Eating With Publicans and Sinners
I love Sundays.
My children love Sundays. In fact, they love them so much I’m sure they learned the days of the week so they could know when the next Sunday was coming.
“What day is it daddy,” they’d ask. “What day comes after that.” They would keep asking until they knew just how many days there were left until the next Sunday.
I might be stretching it a bit, but they may have learned to count for the same reason.
Each week, our anticipation rises as we make ready our home for the covenant families who will share the Sabbath with us.
Our kids start naming the families by their vans and cars as we pull in the parking lot at the building where we meet. I’m careful not to call it our church, because, we know it’s not; it’s just brick and mortar. We know the people are the church.
Once we’re all inside they shuttle back and forth from the front door announcing new arrivals like a butler announces guests to a Jane Austen ball.
As toddlers weave in and out under hugs and handshakes, conversations begin to fill the room like the tuning up of an orchestra. Once all the “Beautiful People,” as we affectionately call them, are present and accounted for, we begin our worship service.
We pray, answer our call to worship by singing His praises and confessing our sins. Next, we read a lengthy passage from Scripture and then hear the preaching of the Word. As each sermon comes to an end, the anticipation begins to rise in all our hearts. Everyone knows what is coming next, and the preacher closes his message with a reminder that we, the people of God, have been invited to join our King at His table.
This is my favorite part of my favorite day, and from the way some of our younger members glow with enthusiasm as they come, it must be theirs as well. They know that whether they’ve been naughty or nice, pastor is still going to give them a large piece of fresh homemade bread and a big drink of wine.
When we close our eyes and bow our heads as a family, I often find myself overwhelmed at their innocent beauty in the same way I am when I look into their faces when they sleep. There’s something transcendent in their collective countenances that reminds me of heaven.
But even at this moment of spiritual serenity, there slithers into our garden an unwelcome guest seeking to conceal himself in our midst. He takes this opportunity when we should be most aware of our sinfulness and soothes us into a hypnotic state of our own goodness. We’re so used to him reminding us of our sins that we might be tempted now to allow him to help us forget them.

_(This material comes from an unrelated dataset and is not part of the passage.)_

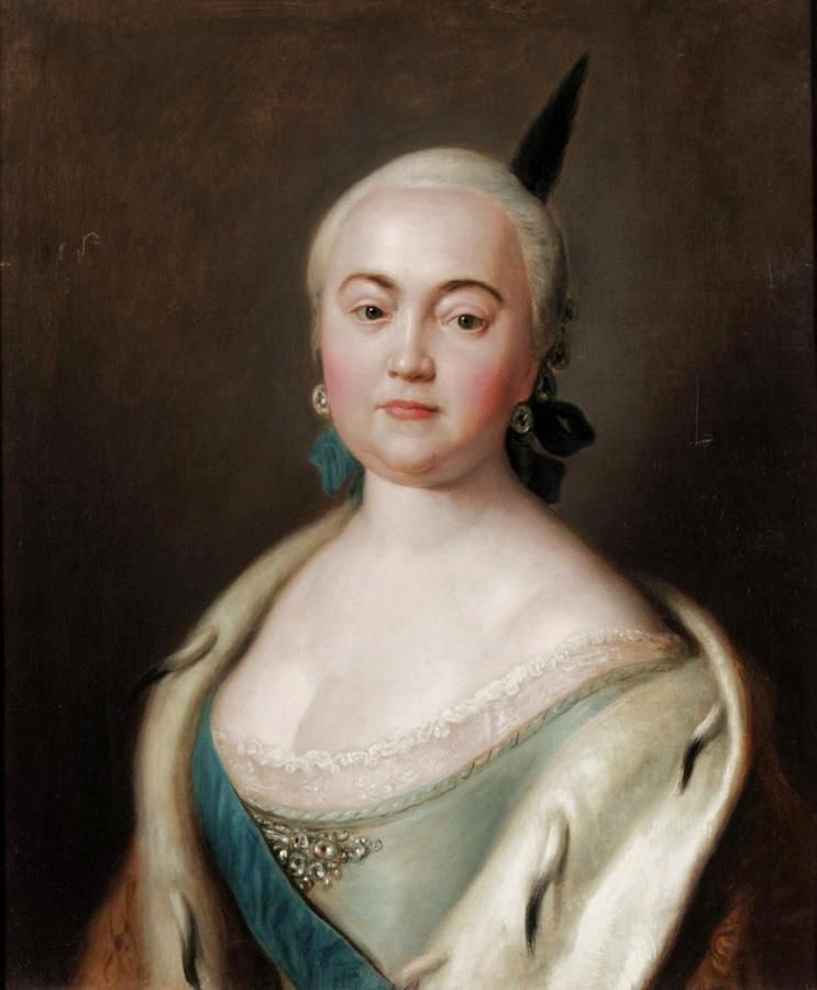 Portrait of Elizaveta Petrovna

Our clothes are tidy, our hair is in place, we smell of soap and cologne, and we are gathered with the loveliest people we have ever known. Standing at our best, receiving the body and blood of our Lord by invitation of the King of Heaven, our pastor prays a blessing over us. What could be more wonderful than this!
But at this moment, the enemy of our soul offers sweet words to our sinful hearts we find hard to resist. He tells us how good we’ve been and how our righteousness has earned us this place of honor where we now stand.

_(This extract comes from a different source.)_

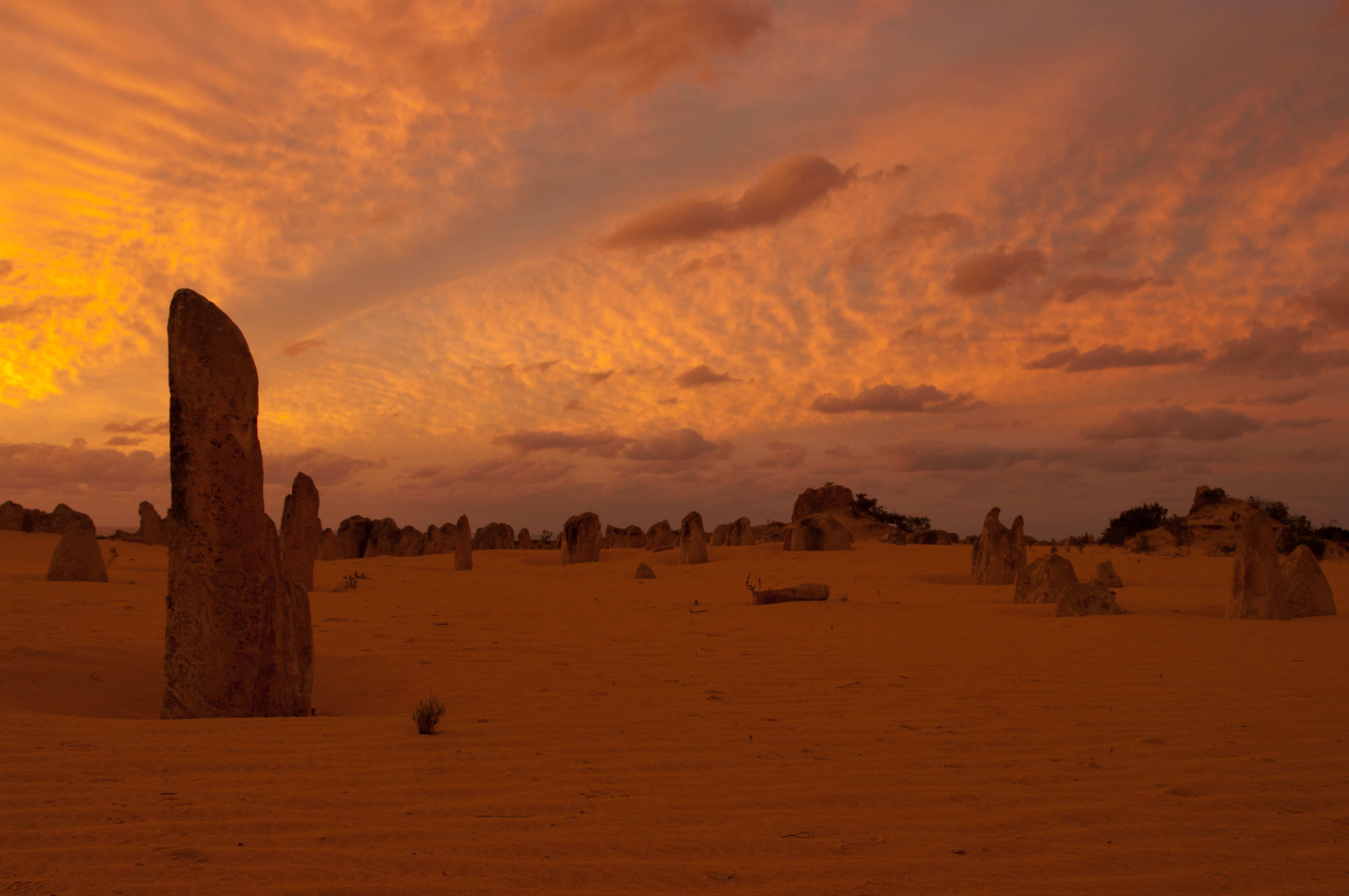 The Pinnacle Desert, Nambung National Park.

But as the proverb says, “Put a knife to your throat as you consider his dainties, for they are deceitful meats.”
There is only one “guest of honor” at this table, and it is Christ. We are the publicans and sinners He has not given up his habit of eating with. We are the blind the halt and the maimed pulled from the highways, byways, and hedges when others refused to come.
Even though we find ourselves clothed in His robes and wearing His ring, we need never forget the home we had with the hogs as we wallowed in our sinfulness.
God has indeed taken our sins and cast them in the sea of forgetfulness never to be remembered against us evermore, but He invites us to remember them. In fact, the memory of our sinfulness should set our hearts soaring with gratefulness and remind us further of the grace that comes in our humility.
As God called the children of Israel to remember the Passover each year ,they were reminded of their former slavery and the great salvation needed and provided by God.
Paul reminded the Corinthian church they were fornicators, idolaters, and adulterers before they were washed, sanctified, and justified in the name of the Lord Jesus, and by the Spirit of our God.
He taught this point so strong he was worried the saints might get the impression they should continue in their sin that grace would abound. “God forbid,” he said.
The fact is, their utter wretchedness, and ours, brings glory to God by showing His grace to an undeserving people.
May we think of the words of David as we come to the Royal Table:
Have mercy upon me, O God, according to thy lovingkindness: according unto the multitude of thy tender mercies blot out my transgressions. Wash me thoroughly from mine iniquity, and cleanse me from my sin. For I acknowledge my transgressions: and my sin is ever before me. (Psalm 51:1-3)
May our sins be ever before us as we come with humility to the feast of forgiveness. May our righteousness be as filthy rags in our own eyes as it is in His. And may we never forget His Grace that loved us before we knew Him, and sought us when we were not seeking Him.